The current study has several limitations. First, it was a pilot analysis of histologic findings in a selected cohort of fixed placental tissues. Although differences were observed between groups, these initial data require ongoing validation with comparative evaluation of mRNA and protein expression in greater numbers of freshly preserved samples. In addition, these tissues were collected from pregnancies during a specific time frame during a peak of admissions and illness severity in the early stages of the COVID-19 pandemic. Ongoing evaluation of placental tissues from COVID-19–positive pregnancies over a broader time frame and clinical heterogeneity will be informative to capture a more complete picture of Rab5 and Rab7 expression changes. Finally, Rab protein expression was only evaluated in pregnancies with maternal COVID-19 in the third trimester. Analysis across first-, second-, and third-trimester maternal SARS-CoV-2 infections will be informative to evaluate how the placental expression of these proteins changes relative to the gestational timing of maternal COVID-19.

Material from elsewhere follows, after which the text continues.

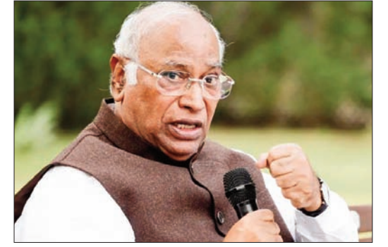
Congress president Mallikarjun Kharage on Friday said that in his personal opinion, the RSS should be banned as most law and order problems in the country are arising because of the BJP-RSS.

Noting that today is the birth anniversary of Patel and death anniversary of former prime minister Indira

Overall, this work highlights the importance of investigating additional subcellular pathways to more fully understand the placental response to COVID-19 in pregnancy. Because Rab5 regulates early endosome processes and Rab7 directs early to late endosomal transport, future evaluation of endosomal subtype markers will also be a key area of investigation. Comparative analysis of early endosome antigen 1, a marker of early endosomes, and CD63, a late endosome and multivesicular body marker, could be informative to identify whether downregulation of Rab7 in COVID-19 placental tissues results in retention of the virus in early endosomes or trapping within late endosomes and multivesicular bodies. It is important to note that within our COVID-19 placental cohort, Rab5 upregulation and Rab7 downregulation was noted among all tissues, including those selected from pregnancies with evidence of SARS-CoV-2 fetal transmission.

Conclusions

Although the current study was not powered to identify true correlations with these expression changes and fetal transmission, our findings do suggest that mechanisms in addition to altered Rab GTPase expression could be mediating the physiological placental blockade of SARS-CoV-2 in pregnancy. This would be entirely expected as maternal–fetal trafficking is a highly regulated and multifactorial process throughout pregnancy. Continued evaluation of larger COVID-19 placental cohorts using multivariate analyses such as RNA-sequencing and spatial transcriptomic approaches will be highly informative to more fully characterize the physiological placental response to COVID-19 in pregnancy and potentially identify therapeutic targets for other organ systems to help combat systemic SARS-CoV-2–mediated disease.

Disclosures

The authors have indicated that they have no conflicts of interest regarding the content of this article. The funding agencies sponsoring this work had no role in the study design, the collection, analysis or interpretation of data, in the writing of the manuscript or the decision to submit the manuscript for publication.